Kalau kita beramal shalih di masa hidup, namun
setelah kita mati kenangan kita akan tetap hidup berlama masa. Kadang-kadang
kenangan itu hidup lebih lama daripada masa hidup jasmani kita sendiri. Dan
sebagai Mu’min kita percaya bahwa di sisi Allah amalan yang kita tinggalkan
itulah kekayaan yang akan kita hadapkan ke hadapan Hadhirat Ilahi. Sebab itu
tidaklah akan rugi masa hidup kita.
“Dan berpesan-pesanan dengan Kebenaran.”
Karena nyatalah sudah bahwa hidup yang bahagia itu adalah hidup bermasyarakat.
Hidup nafsi-nafsi adalah hidup yang sangat rugi. Maka hubungkanlah tali
kasih-sayang dengan sesama manusia, beri-memberi ingat apa yang benar. Supaya
yang benar itu dapat dijunjung tinggi bersama. Ingat-memperingatkan pula mana
yang salah, supaya yang salah itu sama-sama dijauhi.
Dengan demikian beruntunglah masa hidup. Tidak
akan pernah merasa rugi. Karena setiap pribadi merasakan bahwa dirinya tidaklah
terlepas dari ikatan bersama. Bertemulah pepatah yang terkenal: “Duduk seorang
bersempit-sempit, duduk ramai berlapang-lapang.” Dan rugilah orang yang
menyendiri, yang menganggap kebenaran hanya untuk dirinya seorang.
“Dan berpesan-pesanan dengan Kesabaran.”
(ujung ayat 3). Tidaklah cukup kalau hanya pesan-memesan tentang nilai-nilai
Kebenaran. Sebab hidup di dunia itu bukanlah jalan datar saja. Kerapkali kaki
ini terantuk duri, teracung kikil. Percobaan terlalu banyak. Kesusahan
kadang-kadang sama banyaknya dengan kemudahan. Banyaklah orang yang rugi karena
dia tidak tahan menempuh kesukaran dan halangan hidup. Dia rugi sebab dia
mundur, atau dia rugi sebab dia tidak berani maju. Dia berhenti di tengah
perjalanan. Padahal berhenti artinya pun mundur. Sedang umur berkurang juga.
Di dalam Al-Qur’an banyak diterangkan bahwa
kesabaran hanya dapat dicapai oleh orang yang kuat jiwanya, (Surat Fushshilat
41:35). Orang yang lemah akan rugilah.
Maka daripada pengecualian yang empat ini: (1)
Iman, (2) Amal shalih, (3) Ingat-mengingat tentang Kebenaran, (4)
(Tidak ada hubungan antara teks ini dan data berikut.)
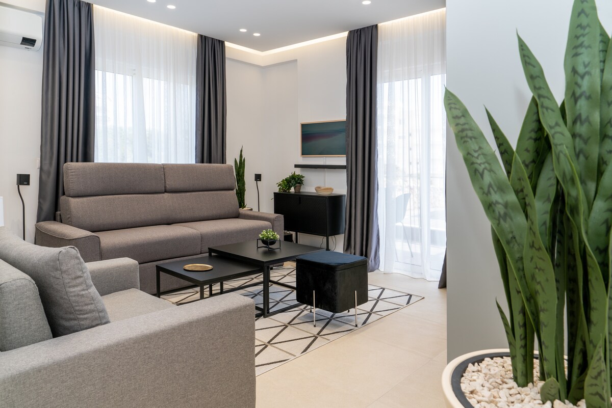 Це стильне помешкання ідеально підходить для перебування груп. Це унікальне помешкання має власний стиль. Тут ви знайдете усе необхідне для гарного відпочинку. У цій новій квартирі ви зможете розслабитися і отримати задоволення від комфорту, який забезпечать якісні меблі та побутові прилади. Усього декілька кроків від будинку і ви опинитеся на чудовому гальковому пляжі Іонічного моря. Квартира знаходиться в районі, де можна відвідати кращі таверни ти ресторани Саранди.
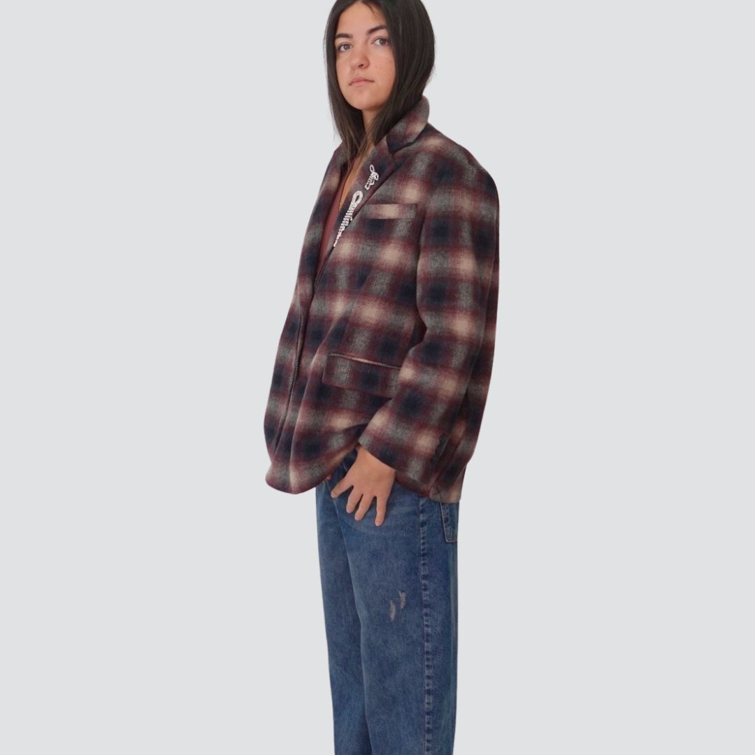 Dixie giacca over scozzese foderata con spilla strass 40% cotone Art JCO4YMRP

Ingat-mengingat tentang Kesabaran, kerugian yang mengancam masa hidup itu
pastilah dapat dielakkan[3]
BAB III
PENUTUP
A.
KESIMPULAN
Kebaikan (kebajikan) yang tertera di ayat di
atas mencakup seluruh unsur agama Islam; prinsip-prinsip keimanan, maka dari
sebagai umat Islam harus mengedepankan sifat tolong menolong karena hal
tersebut merupakan perintah dari Allah kepada umat manusia.